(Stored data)
+ + + +
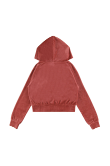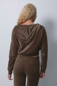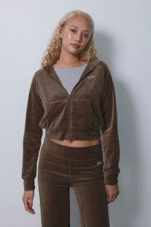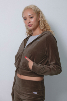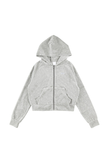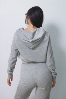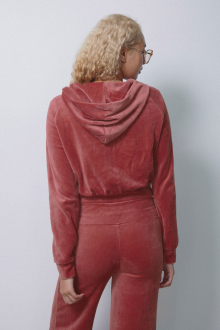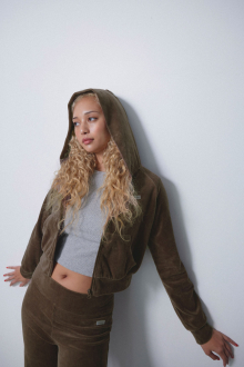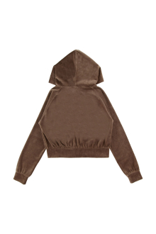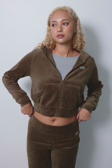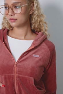 上質な光沢感のあるベロア素材を使用したフーディー。
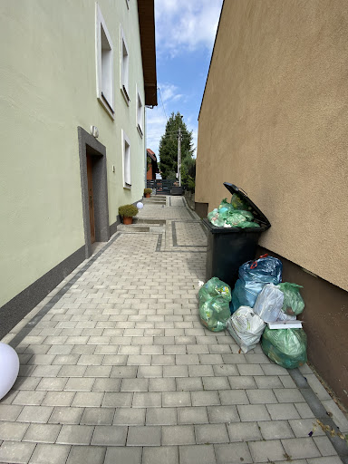 Na zewnątrz, w pobliżu pokoi, znajdują się przepełnione śmietniki, które nie są regularnie opróżniane, co powoduje nieprzyjemny zapach. Przechodzenie obok nich z jedzeniem wracając z kuchni do pokoju jest niekomfortowe.
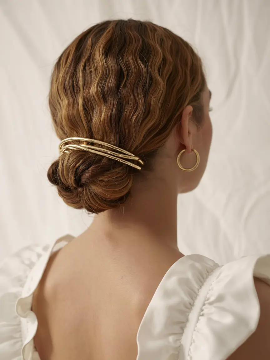 The smooth romantic style of this effortless bun speaks without shouting to create an effortless appearance. The hair receives subtle wave styling before it is crafted into a timeless low bun with that 1920s sculptural elegance and mermaid-inspired movement. Long hair and medium-length hair types will benefit from this elegant style that avoids excessive fuss. That three-strand gold clip detail? Honestly, it’s giving main character.
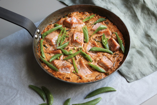 1. Denne lakseformen med pesto, rømme og grønnsaker er både en fest for øynene og det kroppen din trenger etter du har gitt alt på trening. Her legger du til det tilbehøret som frister mest, Dale anbefaler fullkornsris, potet eller pasta.
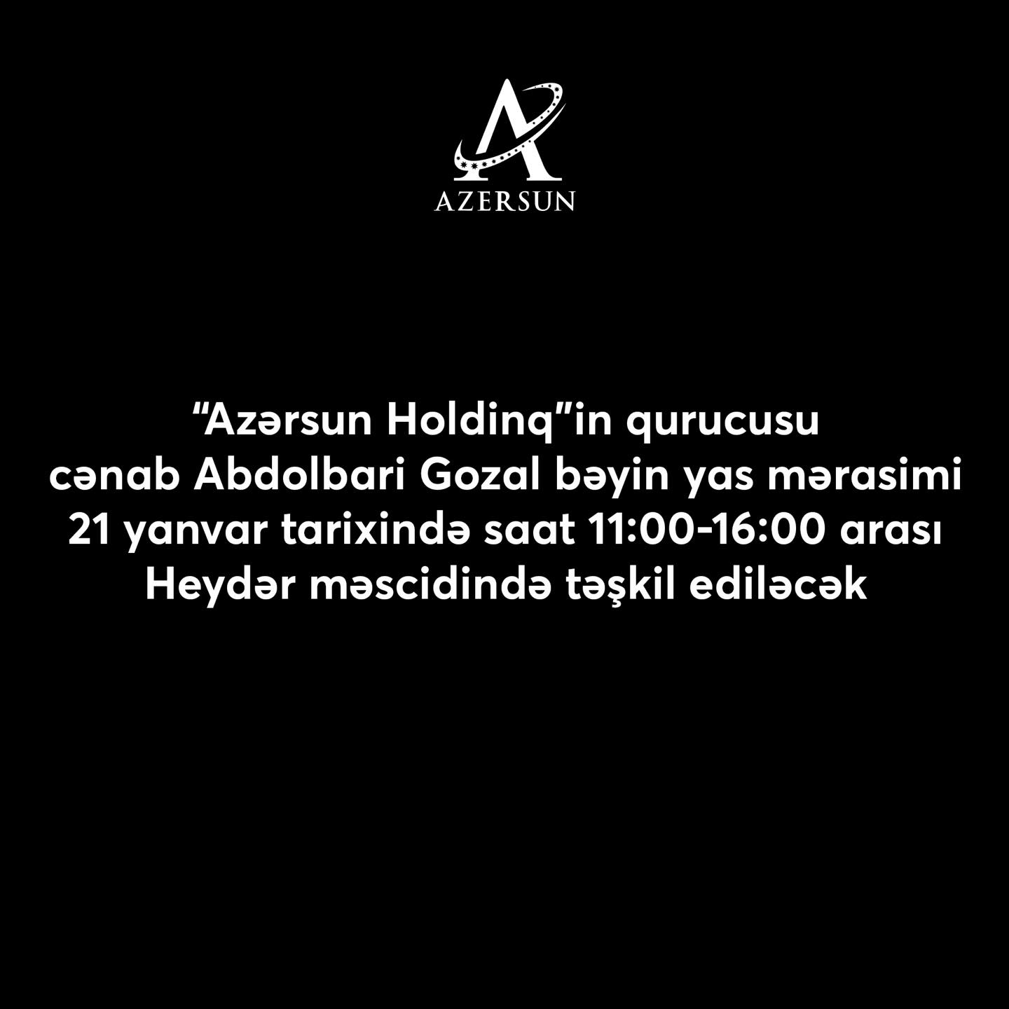 “Azərsun Holdinq”in qurucusu Abdolbari Gozalın yas mərasimimin keçiriləcəyi vaxt məlum olub.
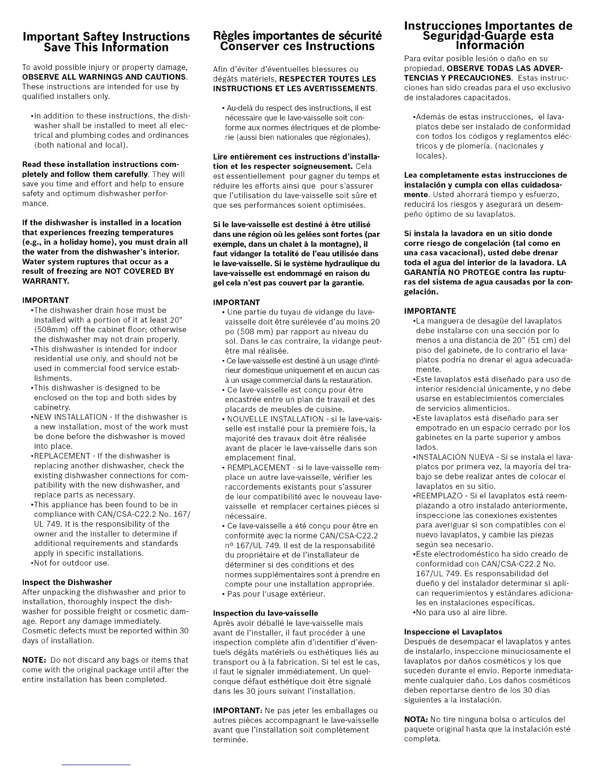 •This dishwasher is intended for indoor
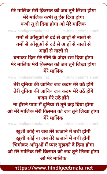 Lyrics of Mere Malik Meri Kismat Ko Jabb Tune - मेरे मालिक मेरी क़िस्मत को जब तूने
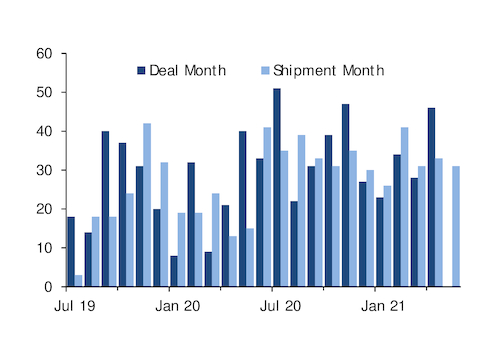The 50 cargoes purchased represent a sharp increase from the 34 deals recorded in March and 21 in April 2020. The estimate of 60 deep-sea purchases for April is 33pc up on an estimated 45 cargo purchases in March 2021.
+ + + +
Reproduce the records above from their first line to the line bearing "The smooth romantic", both ends included, leaving every picture out.

#### YOUR SOLUTION
 上質な光沢感のあるベロア素材を使用したフーディー。
 Na zewnątrz, w pobliżu pokoi, znajdują się przepełnione śmietniki, które nie są regularnie opróżniane, co powoduje nieprzyjemny zapach. Przechodzenie obok nich z jedzeniem wracając z kuchni do pokoju jest niekomfortowe.
 The smooth romantic style of this effortless bun speaks without shouting to create an effortless appearance. The hair receives subtle wave styling before it is crafted into a timeless low bun with that 1920s sculptural elegance and mermaid-inspired movement. Long hair and medium-length hair types will benefit from this elegant style that avoids excessive fuss. That three-strand gold clip detail? Honestly, it’s giving main character.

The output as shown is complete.